═══ Data records
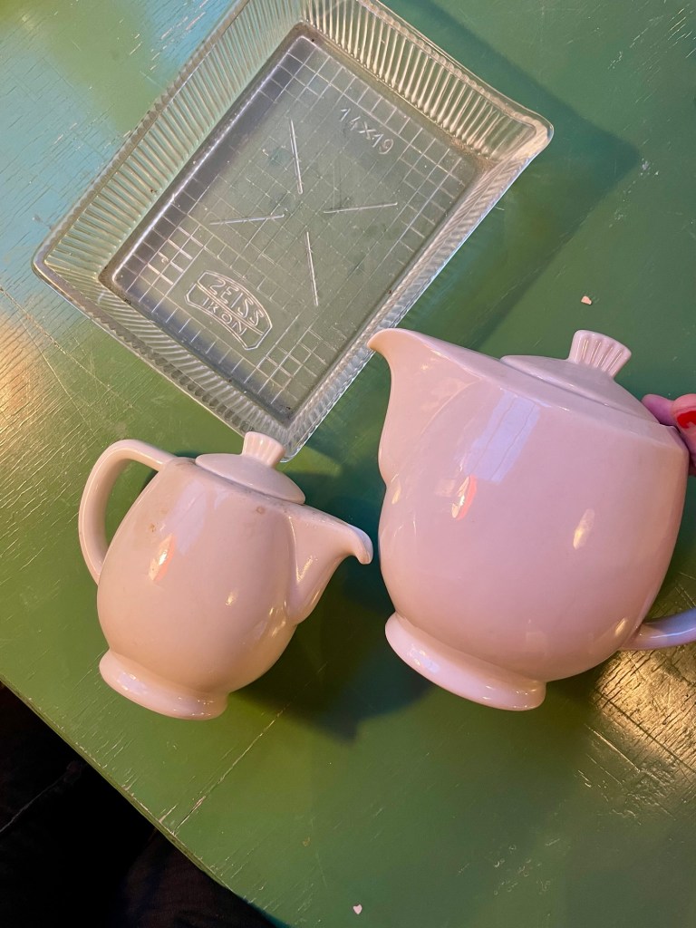 Men sedan blev jag lite rastlös ändå, och gick upp på kallvinden. Där har jag samlat allt jag hittat i huset som kan vara bra att ha. Som sex kannor i olika storlek från när huset var café. En av varje storlek fick flytta ner för en disk. Även vad jag trodde var en ugnsform, men det visade sig vara ett framkallningstråg. Oavsett är det rent nu!
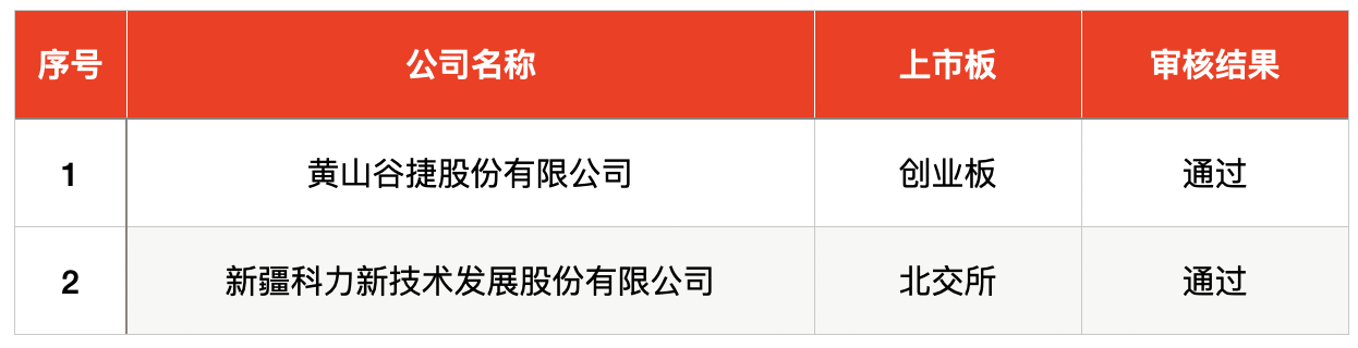发审委审核方面,上周,深交所与北交所各安排了一家公司上会,黄山谷捷股份有限公司(简称“黄山谷捷”)、新疆科力新技术发展股份有限公司(简称“科力股份”)均获得通过。
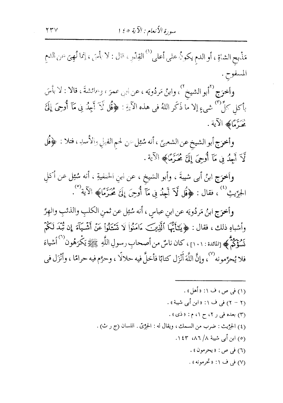 وأخرج أبو الشيخ عن الشعبي ، أنه سئل عن لحم الفيل والأسد فتلا قل {لا أجد فيما أوحي إلي} الآية.
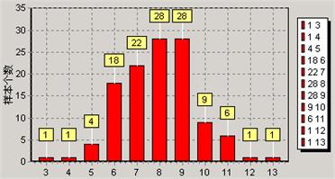 由上面的统计,我们可以得出的一般情况下的合理断点数的取值范围,但这只是我们的建议,具体针对某轮足彩的投注时,还是要有所变化的。下面我们给出历史足彩的断点数的频率分布总览,供各位彩民参考,以做到审时度势、随时而变,用最小的投入,换来最大的回报。
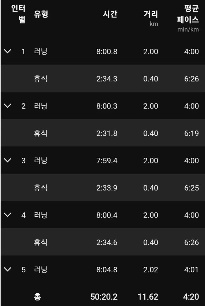린 후 (약 5분간 완전휴식) 다시 한번 5km
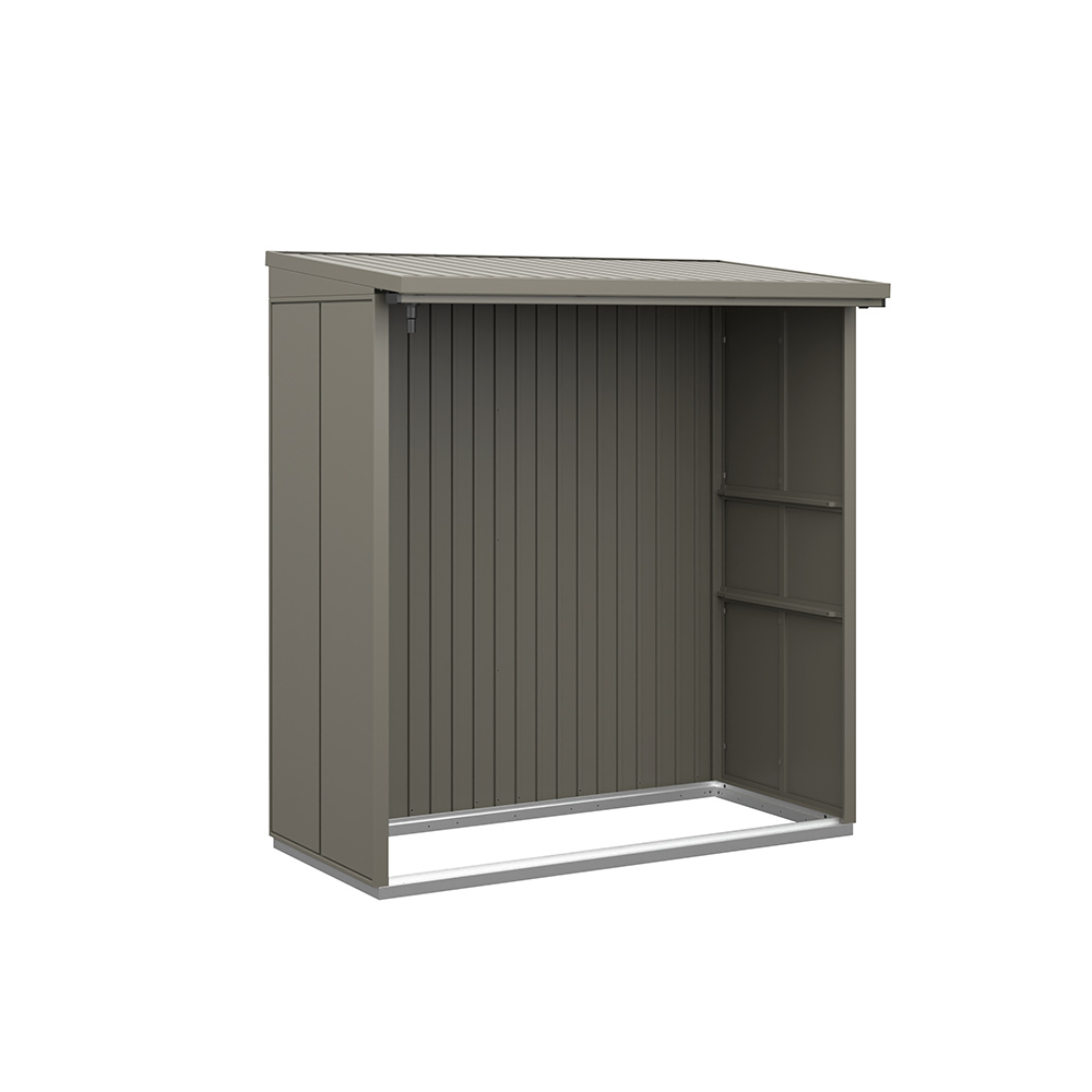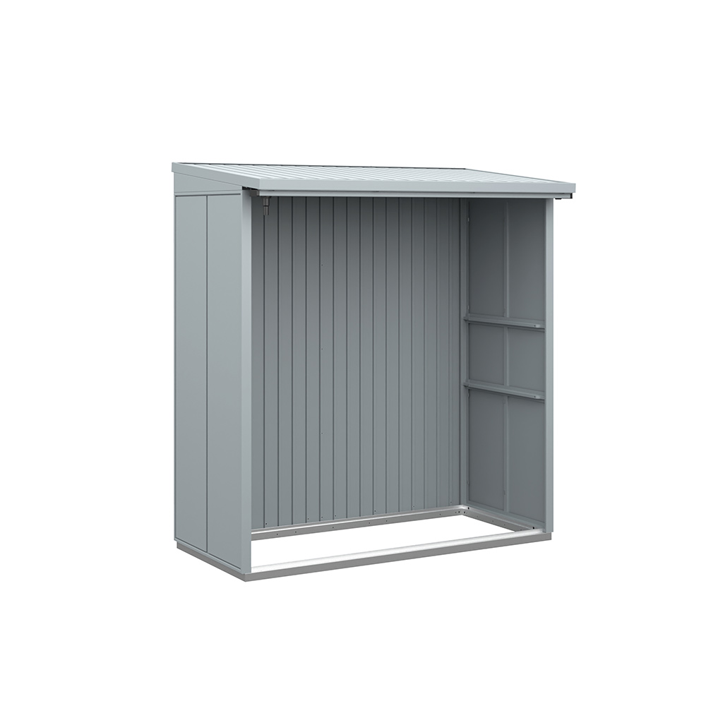 Vedskjulet får sin höga stabilitet och slitstyrka av dess stålkonstruktion och den höga materialtjockleken. Grundram i aluminium ingår alltid som standard. Alla skruvar och gångjärn är förzinkade och därmed skyddade mot oxidation. Vedskjulet har en integrerad hängränna för takavvattning. Bland tillvalen erbjuds t ex. stuprör, aluminiumgolv och bakre vägg.
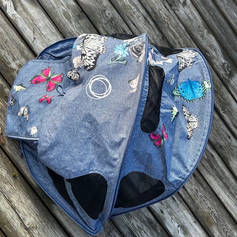 Hopfällbar och tar minimalt med plats. Har förvarats inomhus inget mögel eller liknandet
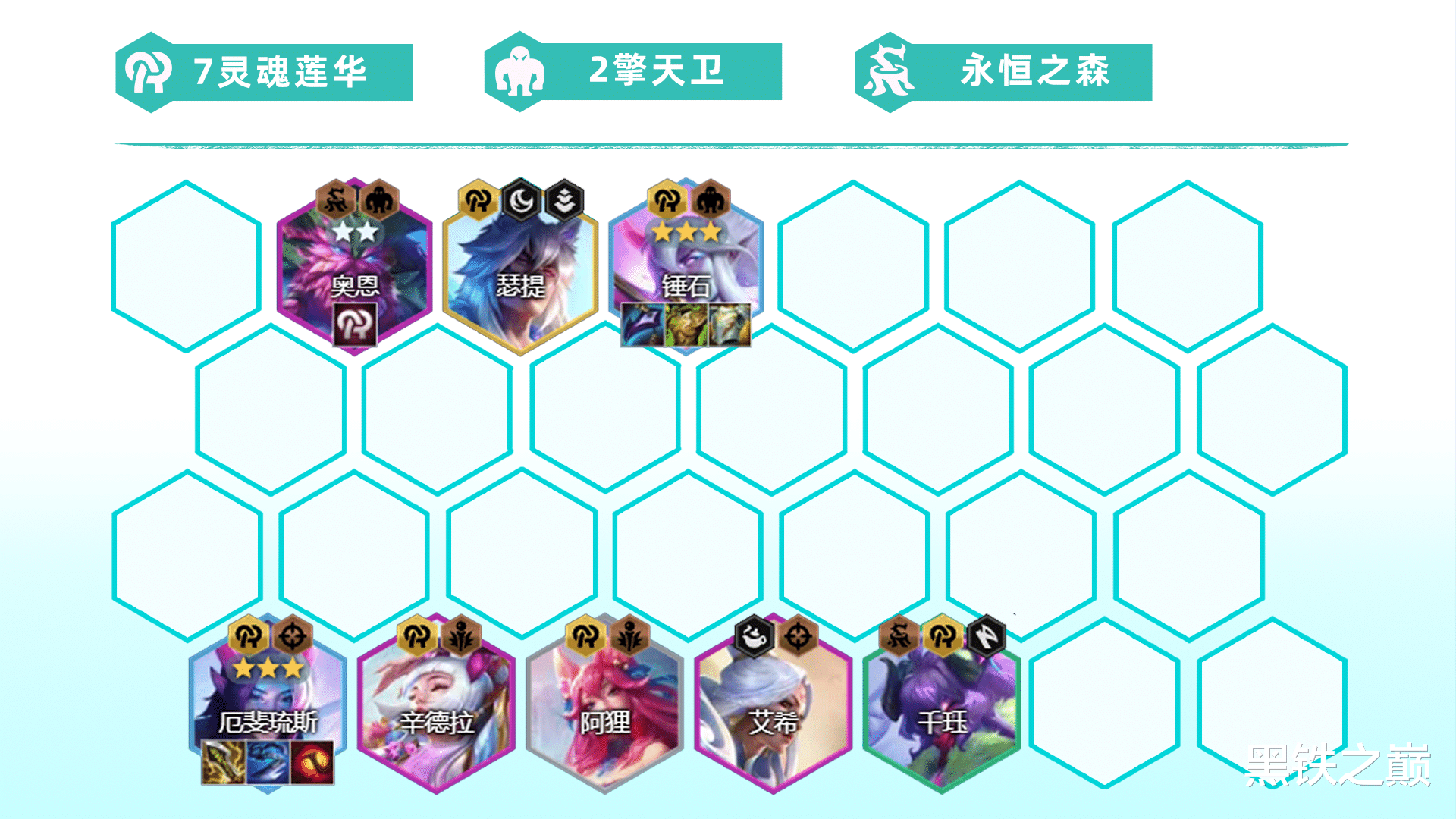 羁绊组成:7灵魂莲华、2擎天卫、2永恒之森、2法师、2狙神
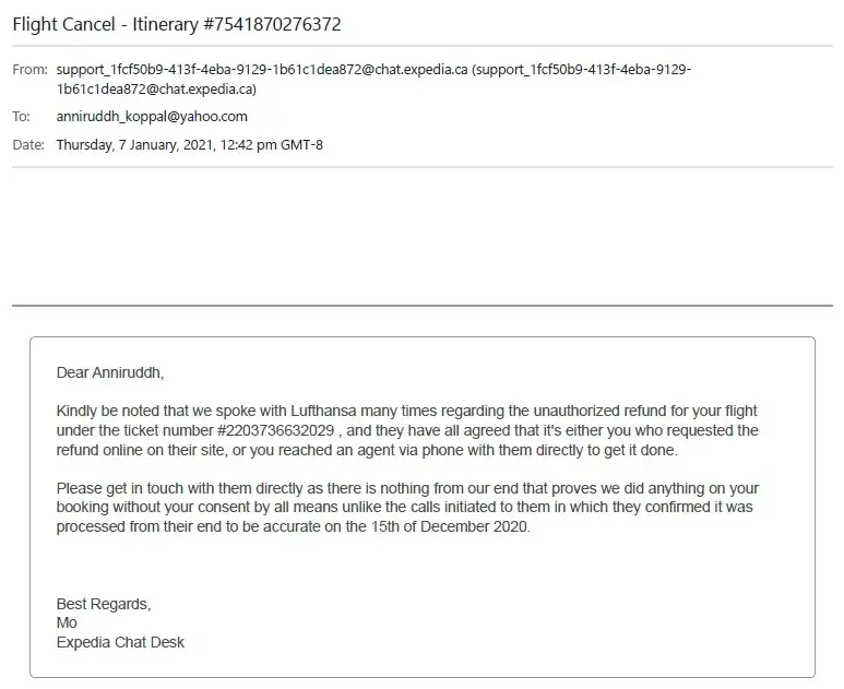 I booked a return flight ticket from Expedia.ca with onward journey scheduled on 17th August 2020 from Pune (India) to Vancouver (Canada) and inbound journey scheduled on 7th Feb 2021 from Vancouver (Canada) to Mumbai (India). They issued me a ticket for Lufthansa Airlines for CAD $1766. I travelled from Pune to Vancouver but recently my inbound journey...
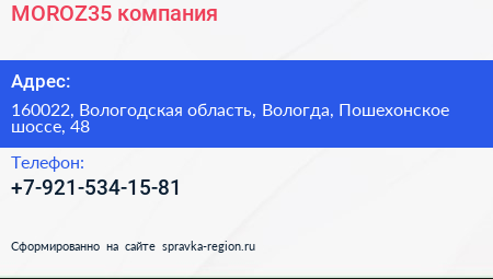 MOROZ35, компания по адресу 160022, Вологодская область, Вологда, Пошехонское шоссе, 48 в дальнейшем Организация, размещена в следующих категориях:
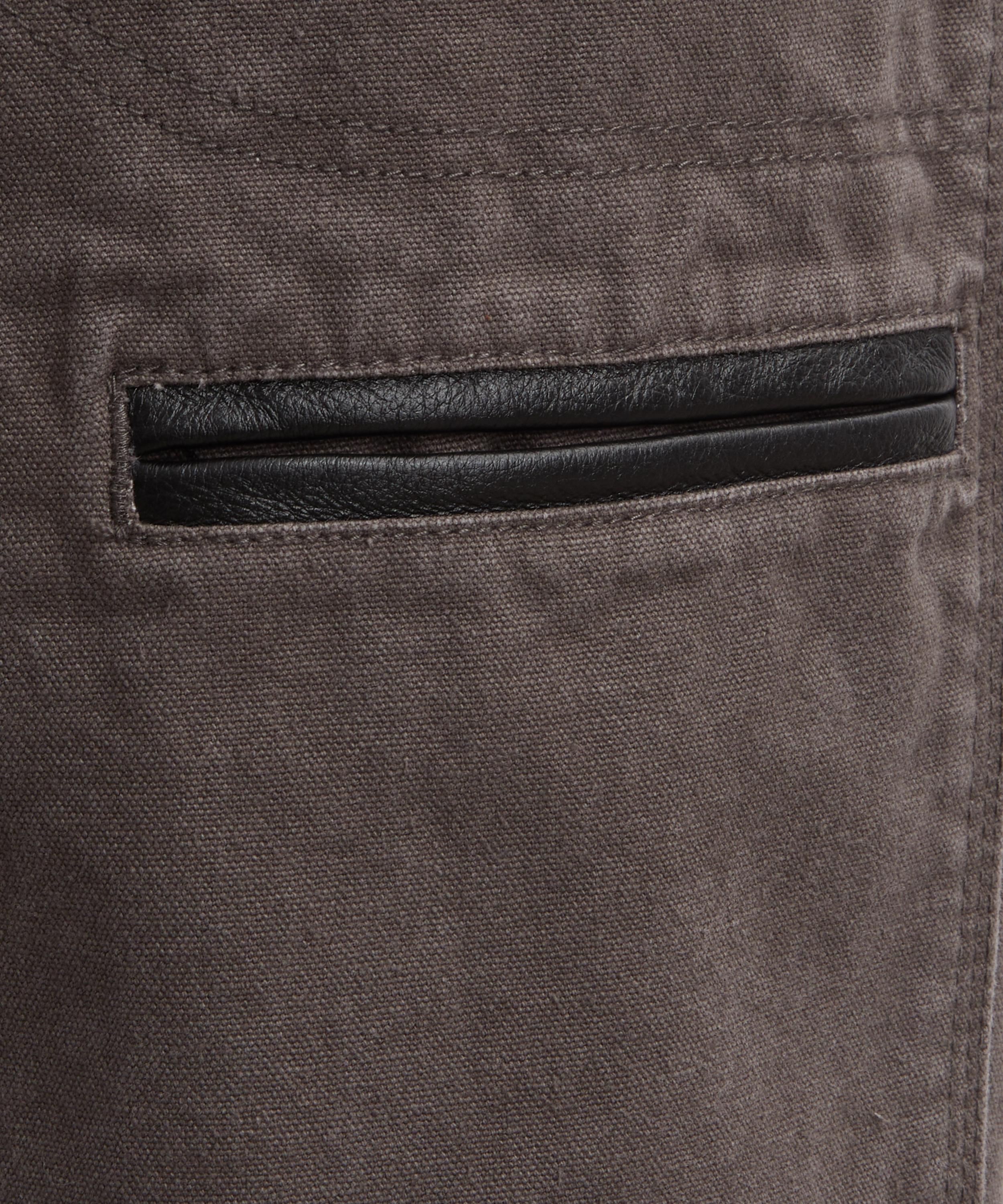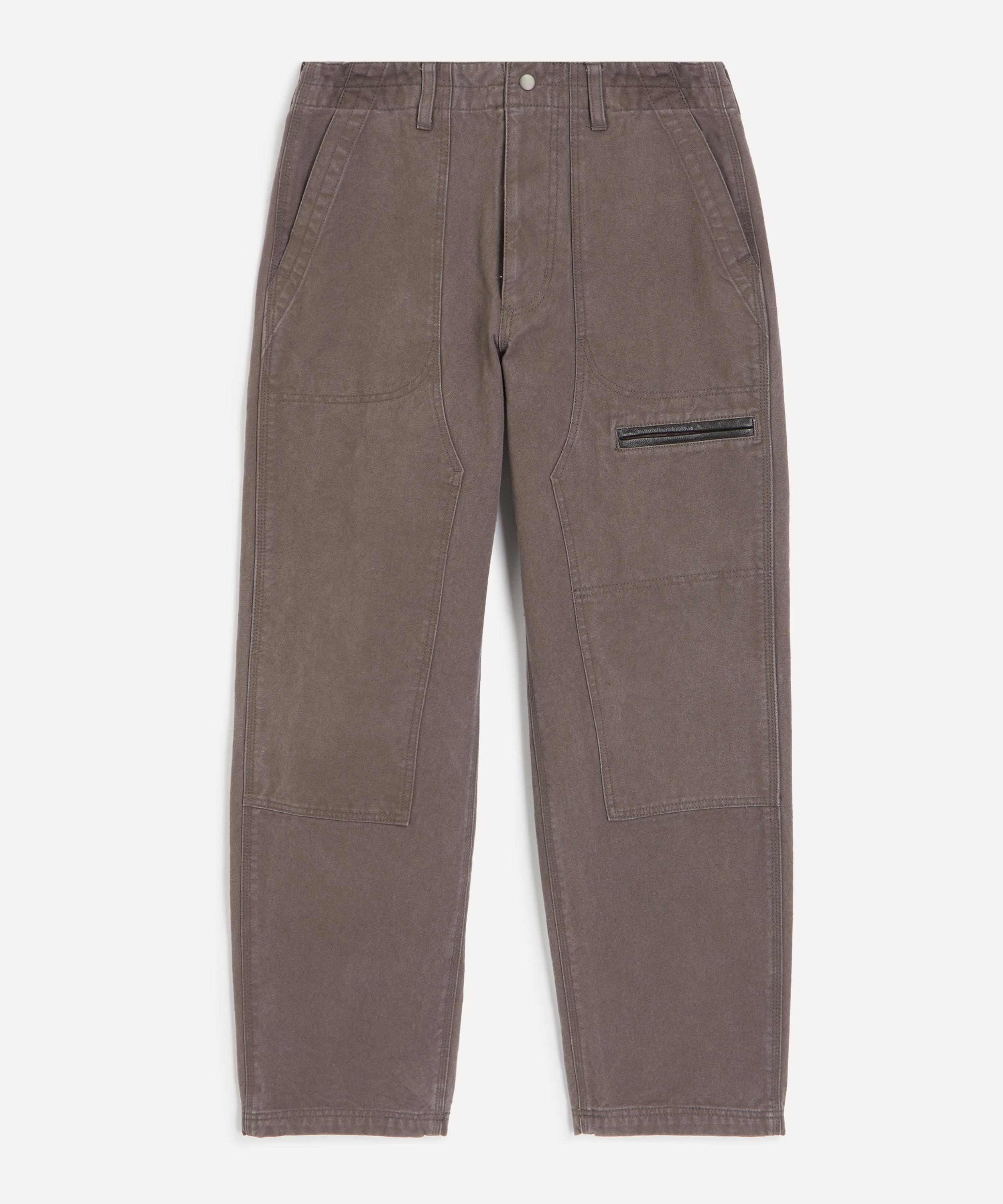 Cut from a hard-wearing heavy canvas, featuring a regular waist, button and zip fastening and double-knee reinforcements. A black leather jacket complements the leather zip detailing, fusing functional workwear with a streetwise attitude.
══════
Copy out exactly, with no pictures, the lines of the data from the first one through the line bearing "发审委审核方面,上周,深交所".

 Men sedan blev jag lite rastlös ändå, och gick upp på kallvinden. Där har jag samlat allt jag hittat i huset som kan vara bra att ha. Som sex kannor i olika storlek från när huset var café. En av varje storlek fick flytta ner för en disk. Även vad jag trodde var en ugnsform, men det visade sig vara ett framkallningstråg. Oavsett är det rent nu!
发审委审核方面,上周,深交所与北交所各安排了一家公司上会,黄山谷捷股份有限公司(简称“黄山谷捷”)、新疆科力新技术发展股份有限公司(简称“科力股份”)均获得通过。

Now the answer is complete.